- Dingle ward within Liverpool
- Population: 7,842 (2023 electorate)
- Metropolitan borough: City of Liverpool;
- Metropolitan county: Merseyside;
- Region: North West;
- Country: England
- Sovereign state: United Kingdom
- UK Parliament: Liverpool Riverside;
- Councillors: Sarah Doyle (Labour Party); Steve Munby (Labour Party);

= Dingle (Liverpool ward) =

Electoral division in England

Dingle ward is an electoral division of Liverpool City Council centred on the Dingle area of the city. It was created in 1895 from part of the previous Toxteth Park ward where three councillors were elected. Its boundaries were changed in 1953, 1973, 1980 before being dissolved in 2004 where it was split into the new Riverside and St Michael's wards.

The ward was recreated in 2023 following a review by the Local Government Boundary Commission for England which decided that the existing 30 wards each represented by three Councillors should be replaced by 64 wards represented by 85 councillors with varying representation by one, two or three councillors per ward. The Dingle ward was reinstated as a two-member ward from the southern portions of the former Riverside ward and a small part of the former Princes Park ward. The new ward is represented by two councillors.
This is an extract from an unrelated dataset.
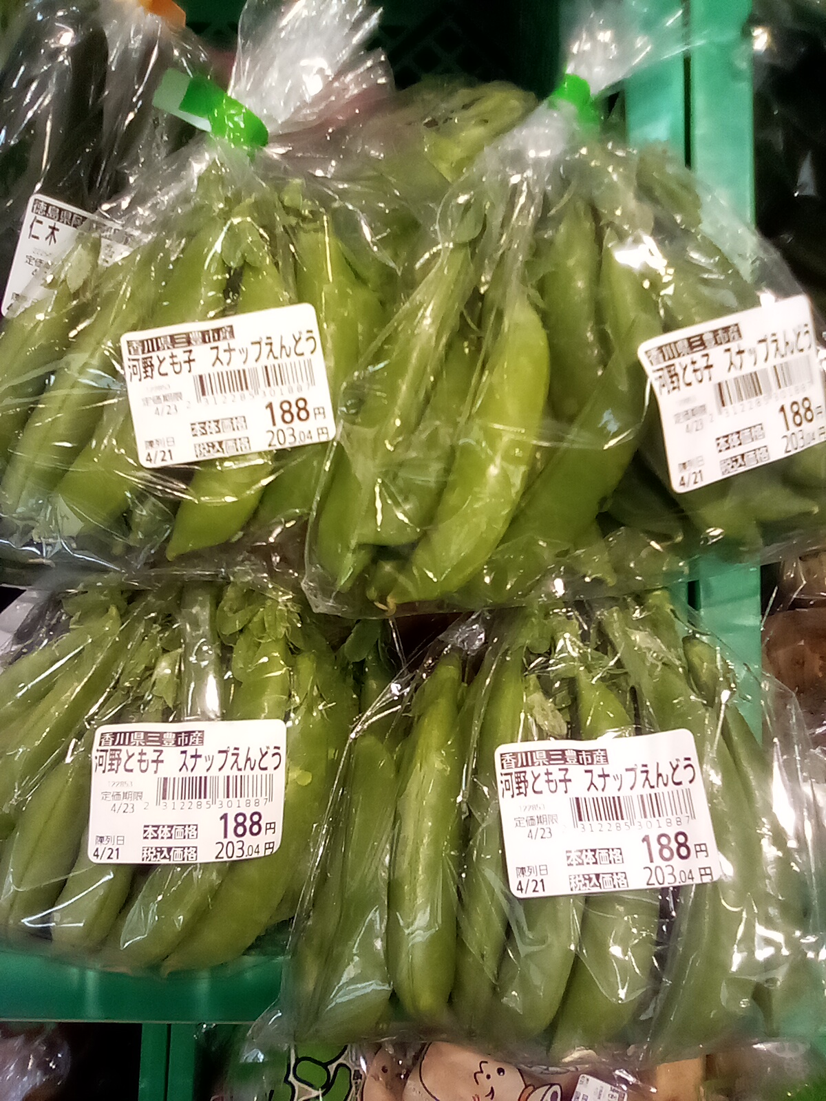 本日すきとくコーナーのオススメ商品は香川県三豊市の河野とも子さんのスナップえんどうです!今が旬はスナップえんどう。サッと湯がいてサラダ、パスタなどにいかがでしょうか。是非この機会にお試しくださいませ。

The ward contains the Florence Institute and High Park Reservoir

==Councillors==

Election: Councillor; Councillor; Councillor
2004 - 2022 WARD DISESTABLISHED
2023: Sarah Doyle (Lab); Steve Munby (Lab)
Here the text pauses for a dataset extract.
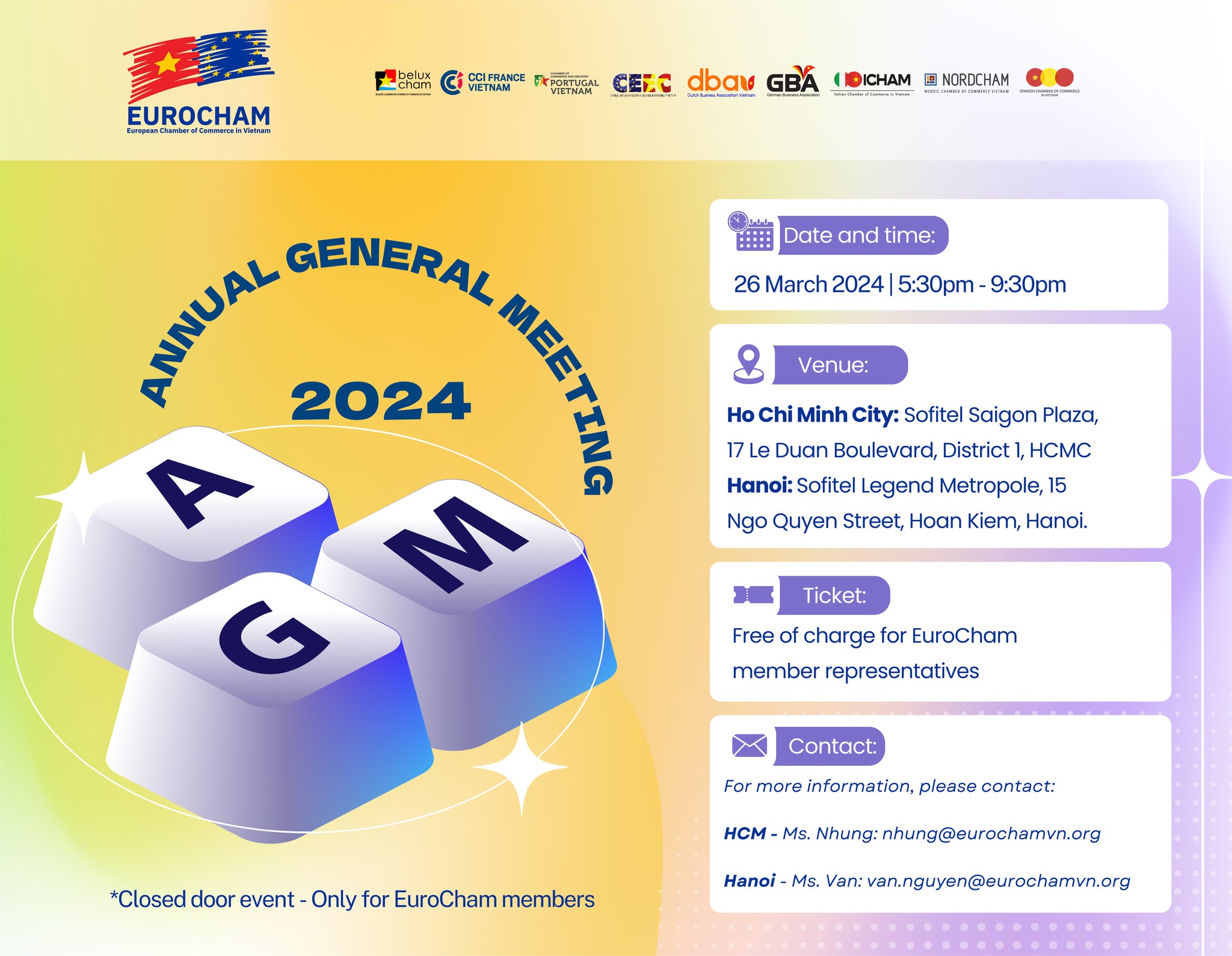 Mark your calendars for a fresh, interactive and exciting EuroCham Vietnam’s Annual General Meeting (AGM) 2024!

 indicates seat up for re-election after boundary changes.

 indicates seat up for re-election.

 indicates change in affiliation.

 indicates seat up for re-election after casual vacancy.

==Election results==
===Elections of the 2020s===

4th May 2023
| Party |  | Candidate | Votes | % | ±% |
|  | Labour | Sarah Doyle^{§} | 1,317 | 38.79 |  |
|  | Labour | Steve Munby^{§} | 1,298 | 38.23 |  |
|  | Green | Anna Corkill | 376 | 11.08 |  |
|  | Green | Kevin Alan Hill | 207 | 6.10 |  |
|  | Liberal Democrats | Peter Joseph Rainford | 122 | 3.59 |  |
|  | Conservative | Margaret Shepherd Crichton | 75 | 2.21 |  |
| Majority |  |  | 941 |  |  |
| Turnout |  |  |  |  |  |
| Rejected ballots |  |  | 20 |  |  |
| Total ballots |  |  |  |  |
| Registered electors |  |  | 7,842 |  |  |
|  | Labour win (new seat) |  |  |  |  |
|  | Labour win (new seat) |  |  |  |  |

^{§}Sarah Doyle and Steve Munby were re-standing councillors for the former Riverside ward.